他にもOlgiatiからの影響がありそうだったり、zineの製作なんかも手がけていたり、いくつかの視点から掘り下げられそうな建築家である。 (寺田)

David Klemmer(Zurich, CH)

David Klemmerはもともとデジタル・フォトグラファー、いわゆるレンダラーとしてキャリアを始めているようで、Olgiatiのコンペのイメージや、その他スイスやイギリスの建築家の建築イメージを手がけている。その後自身のスタジオを持ち、設計もしているようだが、実作はまだないかもしれない。
レンダリングのテイストはフォトリアリスティックでもあり、建築模型のように抽象的でもあり、リアルとヴァーチャルのあいだを狙っているような感じがある。(寺田)

Faye Toogood(London, UK)

Faye Toogoodはロンドンのデザイナー。家具やインテリアのプロジェクトを手がけながら、姉妹のEricaとともにクロージングラインも展開している。
模型をそのまま拡大したような家具、レンダリングからそのまま飛び出してきたかのようなインテリア。さまざまな分野を横断するという行為は、リアルとヴァーチャルの境界も、曖昧にしているのかもしれない。(寺田)

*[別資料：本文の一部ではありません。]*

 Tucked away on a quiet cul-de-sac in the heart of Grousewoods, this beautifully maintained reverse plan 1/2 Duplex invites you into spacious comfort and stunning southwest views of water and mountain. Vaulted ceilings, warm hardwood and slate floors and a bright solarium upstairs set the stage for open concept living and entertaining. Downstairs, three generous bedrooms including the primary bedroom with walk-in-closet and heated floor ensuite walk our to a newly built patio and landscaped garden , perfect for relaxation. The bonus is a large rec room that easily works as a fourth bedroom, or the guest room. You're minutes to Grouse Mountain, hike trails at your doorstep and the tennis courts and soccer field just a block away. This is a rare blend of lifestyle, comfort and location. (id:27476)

Charlotte Taylor (London, UK)

Charlotte Taylorはロンドンの3Dデザイナー。興味深いのは、自身が手がけたレンダリングの添景として使われている特徴的な家具を、自宅にも製作し、その写真をインスタグラムで展開しているところ。(寺田)

Six N. Five (Barcelona, Spain)

フォトリアリスティックにレンダリングができるようになってから、一度手作り感のあるイメージが流行し、その後、リアルとヴァーチャルのあいだのような、レンダリングでしか実現できない質感をイメージに求める時代になりつつあるような気がする。
Six N. Five はRicardo Boffilとのコラボレーションから知った。こうしてレンダリングとして、建築を実現するのもまた、1つのアンビルドの在り方なのだと感じている。(寺田)

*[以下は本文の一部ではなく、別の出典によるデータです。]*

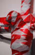 T.W.-(I.N.R.I.), infine, è un antico crocifisso toscano completamente avvolto con il nastro bianco e rosso usato per i lavori in corso: il nastro ci dice di fare attenzione a preservare le nostre radici e i nostri valori cristiani.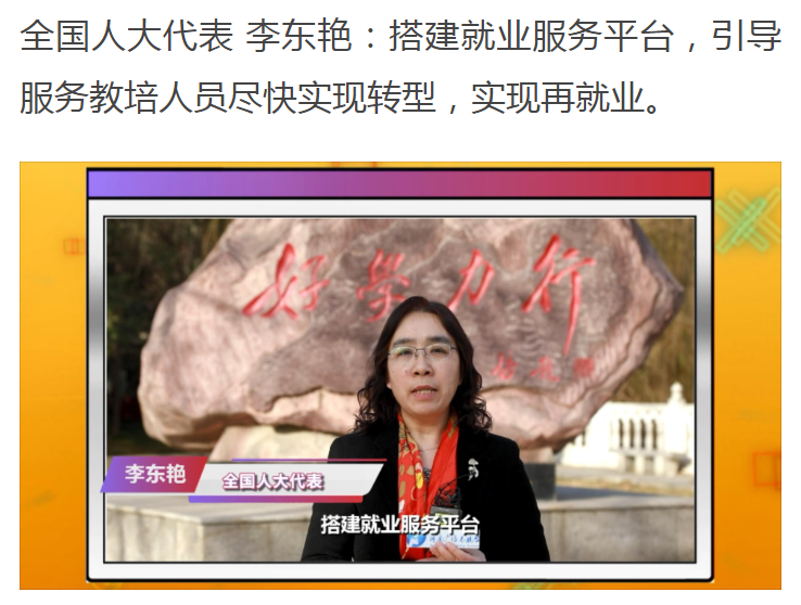 全国人大代表 李东艳:搭建就业服务平台,引导服务教培人员尽快实现转型,实现再就业。

ディスカッションでは、こうした積極的な「イメージ」提案の戦略についての議論が交わされました。スイスの建築家ヴァレリオ・オルジアティのドローイングによる建築表現や、ドイツの現代美術家作家トーマス・デマンドによる写真をメディウムとする制作手法の影響について。またレンダリングの高度化・高速化が可能にしたデジタル技術によるコラージュの質感に関する意見交換から、果てアメリカ東海岸で不動産に投資マネーを呼び込むためのイメージづくりまで。話題は多岐に及びました。


議論をふりかえると、近年の「建築のイメージ」にまつわる議論は、暫定的に次のようにまとめられそうです。

1. 現代のアンビルドな「建築のイメージ」は、過去の”アンビルド作家たち”の試みと、どこが違うのか。
2. 現代の「建築のイメージ」は、どのような技術や環境に支えられているのか。
3. 現代の「建築のイメージ」は、現代社会のどのような需要を喚起しているのか。

個人的には、「建築のイメージ」にまつわる議論は、まだまだ深められそうだと感じています。引き続き勉強会を通して議論を深めていければ、またどこかで成果をまとめて発表できると良いと思っています。

最後に、ETHでも教鞭をとるスイスの建築家デュオMade Inが、京都工芸繊維大学で行ったワークショップの記録映像のなかで述べた発言を引用しておきます。

「昨今ではイラストレーション(図解)に重きを置いた表現ばかり制作されていますが、想像力を制限してしまうので悲しいことだと思います。ミース・ファン・デル・ローエは、フリードリッヒ街のオフィスビルプロジェクトで街を粘土模型で制作し、ビルをガラス模型で表現しました。これはイラストレーション(図解)からはかけ離れています。私たちはイメージを解読しなければなりません。」